Перед концертом Саши Белова из "Бригады" — народного артиста России Сергея Безрукова публика чуть не разбила стеклянные двери Национального театра…
НЫНЧЕ К НАМ ЕДЕТ СЕРГЕЙ ЧЕЛИЩЕВ ИЗ "БАНДИТСКОГО ПЕТЕРБУРГА" — ДМИТРИЙ ПЕВЦОВ. Если без "бандитских радостей" — народный артист России, актер легендарного "Ленкома", заменивший Николая Караченцова в не менее легендарном спектакле "Юнона и Авось", певец, лауреат Государственной премии России.
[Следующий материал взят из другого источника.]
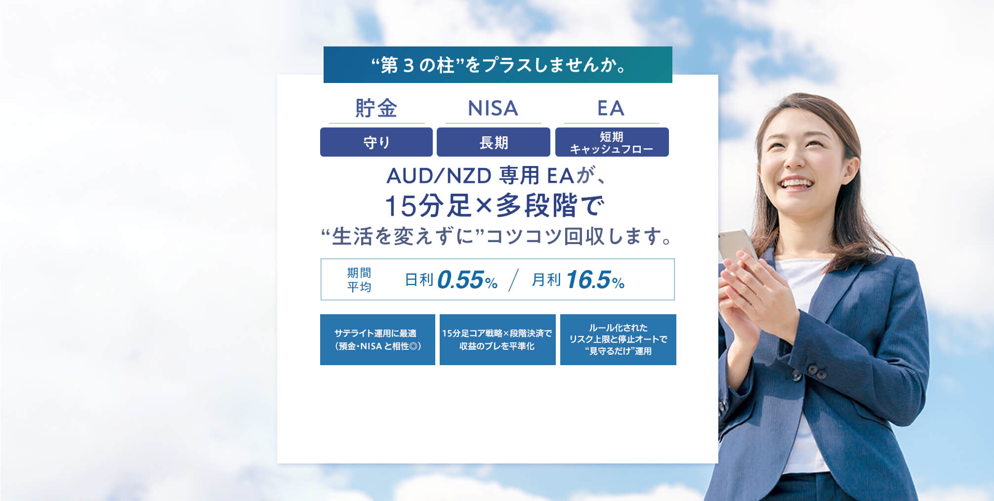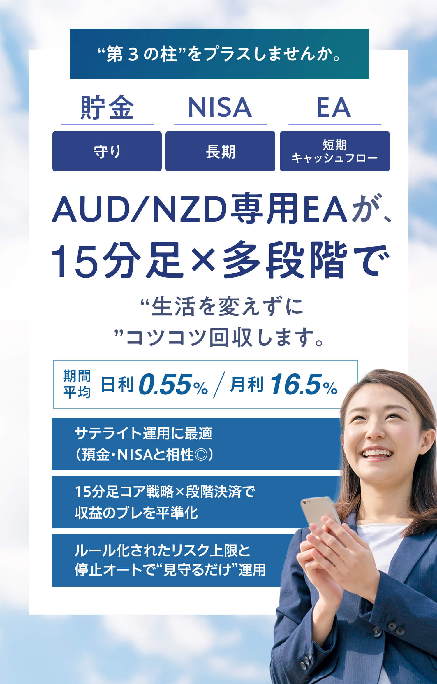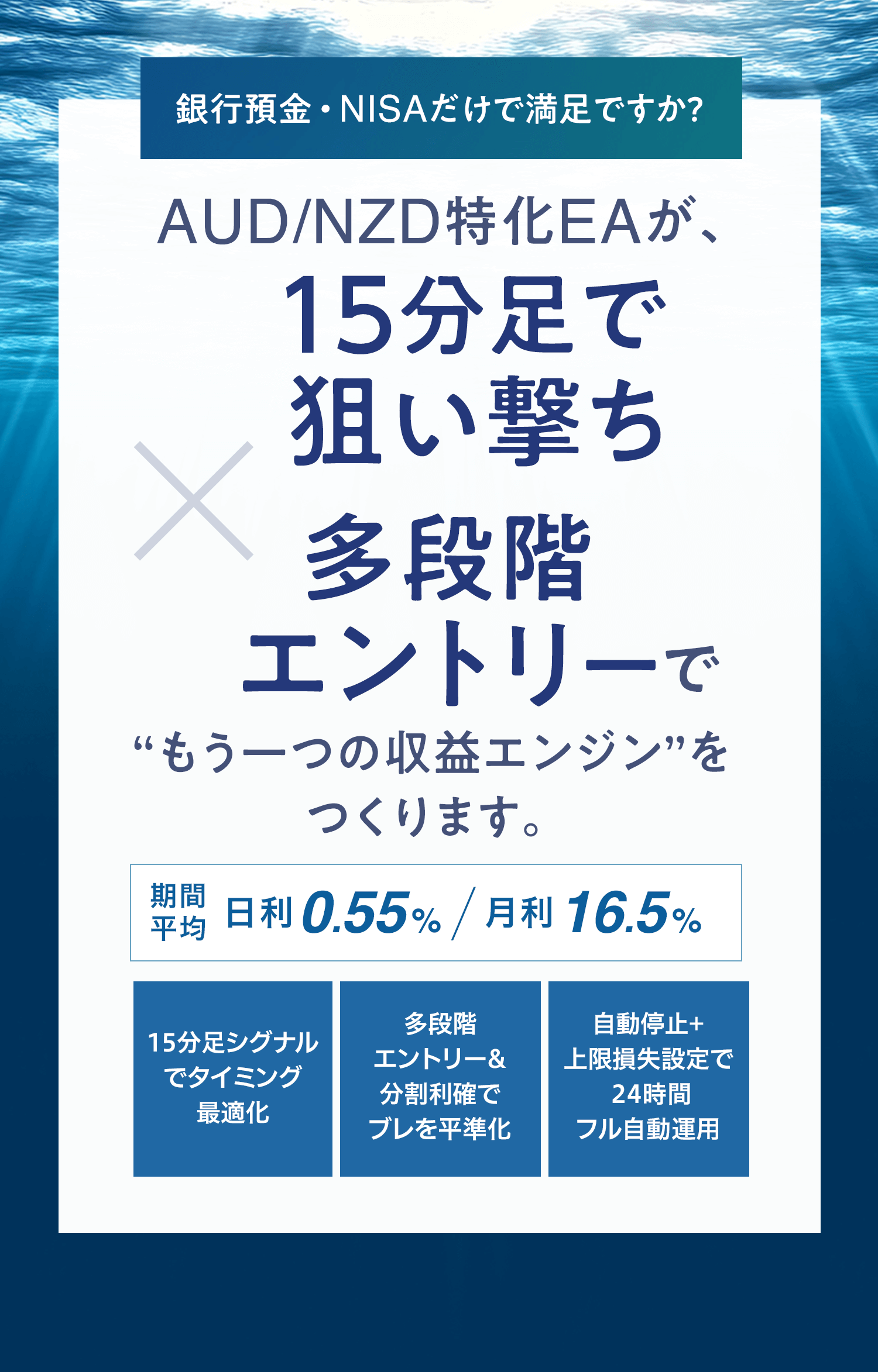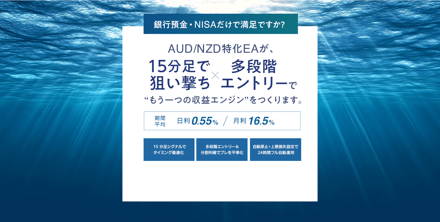 異なる戦略・時間軸を組み合わせることで、一つの相場環境での不振を他のEAがカバー。安定した収益が目指せます。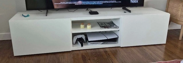 This modern white TV stand offers a sleek and minimalist design, perfect for any living room setup. It provides ample storage with both open shelving and closed compartments.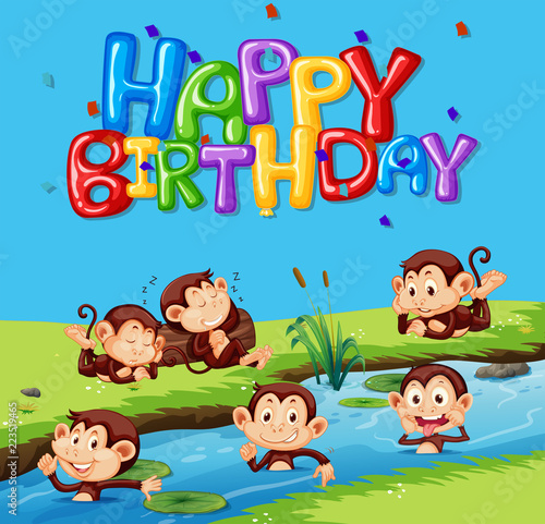 Obraz premium Happy birthday template with monkey

Певцов проснулся знаменитым после роли Савелия Говоркова в одном из первых российских экшн-фильмов "По прозвищу Зверь", ну а серьезная известность пришла к актеру после роли Якова Сомова в фильме Глеба Панфилова "Мать", за которую он получил приз "Феликс" как лучший актер второго плана. Хотя широкому зрителю Дмитрий Певцов больше известен по ролям в фильмах "Королева Марго", "Гибель империи", "Турецкий гамбит", "Тонкая штучка", "Остановка по требованию" ну и по многочисленным концертам и телепроектам типа "Две звезды".
Несмотря на изрядную претенциозность названия ("Певцов много — Певцов один"), программа, с которой артист выступит в Ереване, не творческий вечер, а полноценный концерт, в котором Дмитрий Певцов выступает с московской стрит рок-группой "КарТуш". Художественный руководитель — вокалист и сотоварищ Певцова по автогонкам Андрей Вертузаев. Программа концерта самая разноплановая — от классики военных лет и песен из репертуара "Несчастного случая" типа "Герасим и Му-Му" до песен, сочиненных специально для Певцова и вошедших в его первый диск. Из "просто классики" — песни А.Вертинского "Маленькая балерина" и "Пикколо бамбино", вошедшие в исполнении Д.Певцова в золотой фонд "Романтики романса" телеканала "Культура", и знаменитые композиции Микаэла Таривердиева на сонеты В.Шекспира.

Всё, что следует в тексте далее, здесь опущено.